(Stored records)
──────

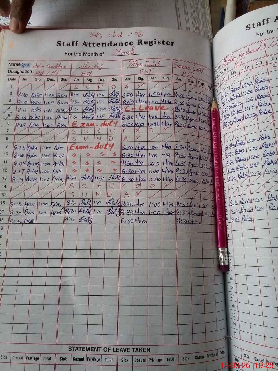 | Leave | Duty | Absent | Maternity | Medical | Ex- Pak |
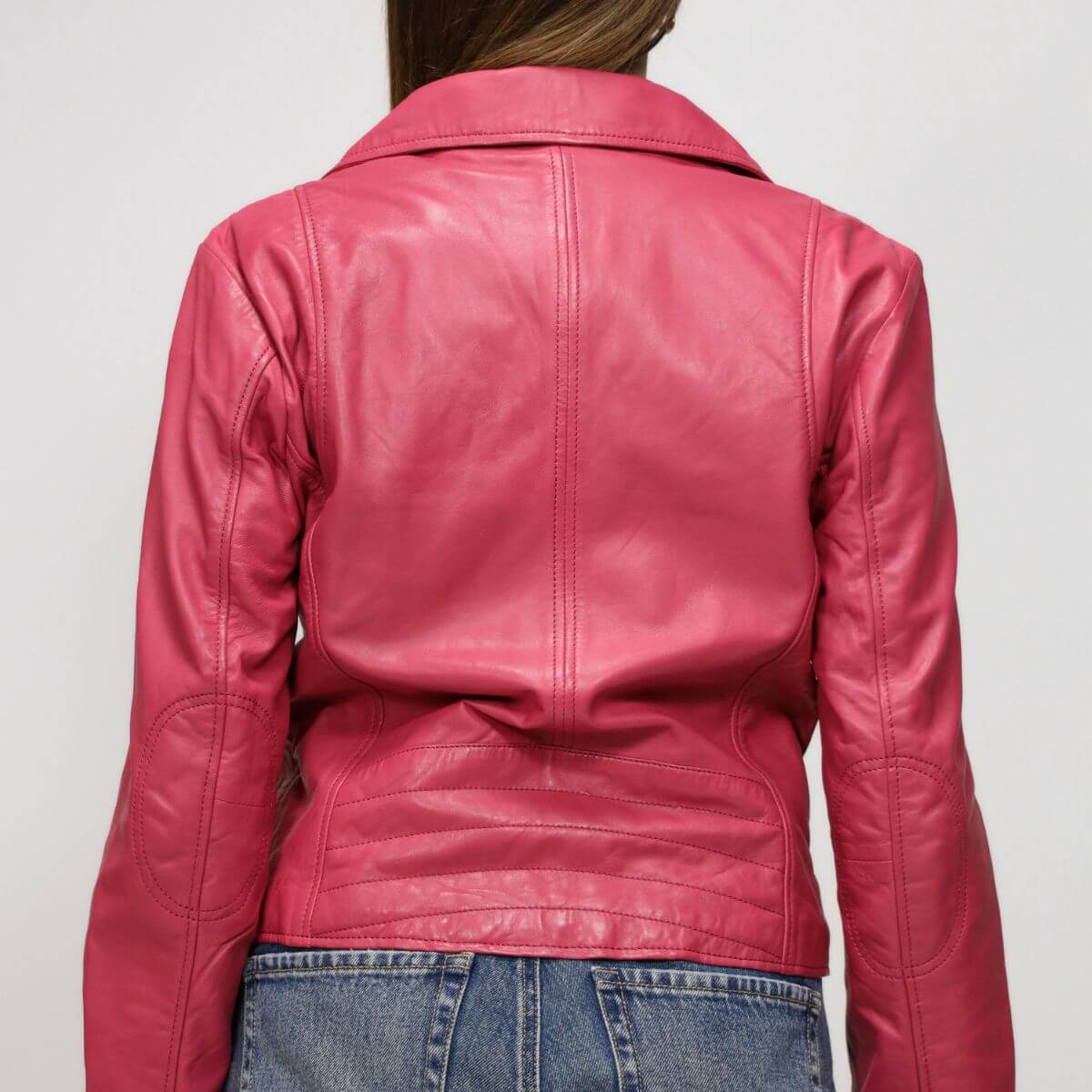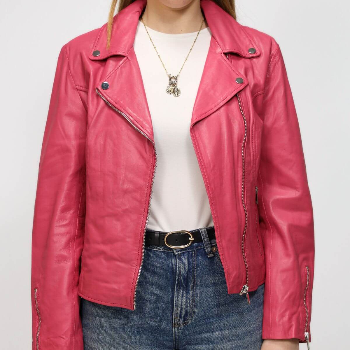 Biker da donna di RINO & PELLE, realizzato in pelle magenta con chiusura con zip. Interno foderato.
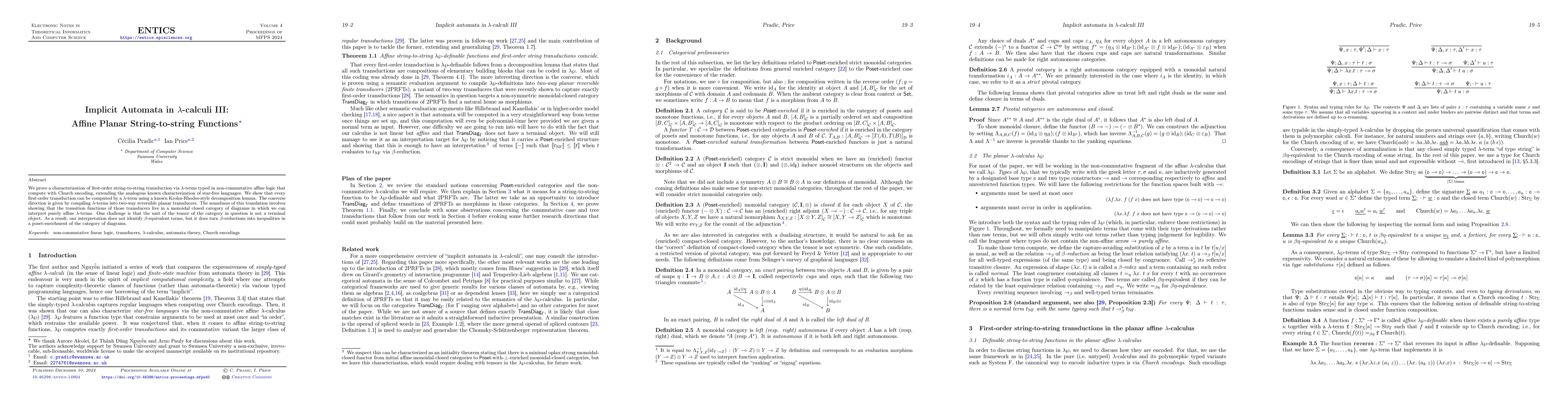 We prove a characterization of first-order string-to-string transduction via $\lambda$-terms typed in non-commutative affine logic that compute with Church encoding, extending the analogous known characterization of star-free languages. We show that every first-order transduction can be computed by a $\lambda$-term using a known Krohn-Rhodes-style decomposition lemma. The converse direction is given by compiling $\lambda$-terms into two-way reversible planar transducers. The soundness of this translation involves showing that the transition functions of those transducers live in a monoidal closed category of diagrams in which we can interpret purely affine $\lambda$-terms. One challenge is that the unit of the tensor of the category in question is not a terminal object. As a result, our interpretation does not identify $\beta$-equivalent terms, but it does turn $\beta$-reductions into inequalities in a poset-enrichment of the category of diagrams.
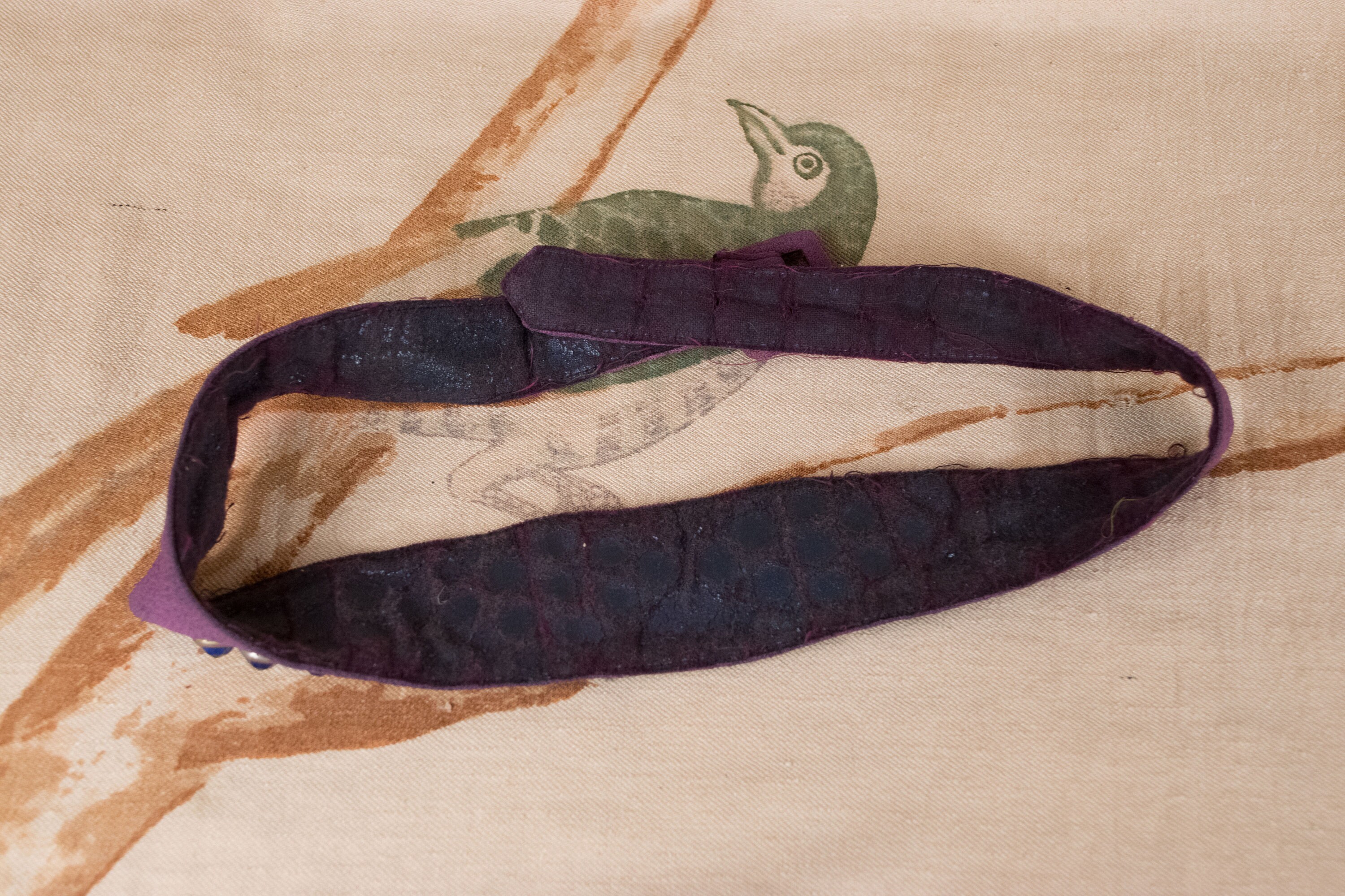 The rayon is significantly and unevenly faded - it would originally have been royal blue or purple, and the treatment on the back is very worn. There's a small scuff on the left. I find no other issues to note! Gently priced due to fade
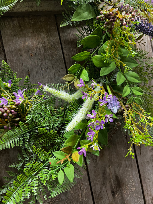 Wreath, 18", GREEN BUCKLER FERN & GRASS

──────

- Exercise goal -
Without including any pictures, output each entry above exactly as it appears.

- Completed task -
 | Leave | Duty | Absent | Maternity | Medical | Ex- Pak |
 Biker da donna di RINO & PELLE, realizzato in pelle magenta con chiusura con zip. Interno foderato.
 We prove a characterization of first-order string-to-string transduction via $\lambda$-terms typed in non-commutative affine logic that compute with Church encoding, extending the analogous known characterization of star-free languages. We show that every first-order transduction can be computed by a $\lambda$-term using a known Krohn-Rhodes-style decomposition lemma. The converse direction is given by compiling $\lambda$-terms into two-way reversible planar transducers. The soundness of this translation involves showing that the transition functions of those transducers live in a monoidal closed category of diagrams in which we can interpret purely affine $\lambda$-terms. One challenge is that the unit of the tensor of the category in question is not a terminal object. As a result, our interpretation does not identify $\beta$-equivalent terms, but it does turn $\beta$-reductions into inequalities in a poset-enrichment of the category of diagrams.
 The rayon is significantly and unevenly faded - it would originally have been royal blue or purple, and the treatment on the back is very worn. There's a small scuff on the left. I find no other issues to note! Gently priced due to fade
 Wreath, 18", GREEN BUCKLER FERN & GRASS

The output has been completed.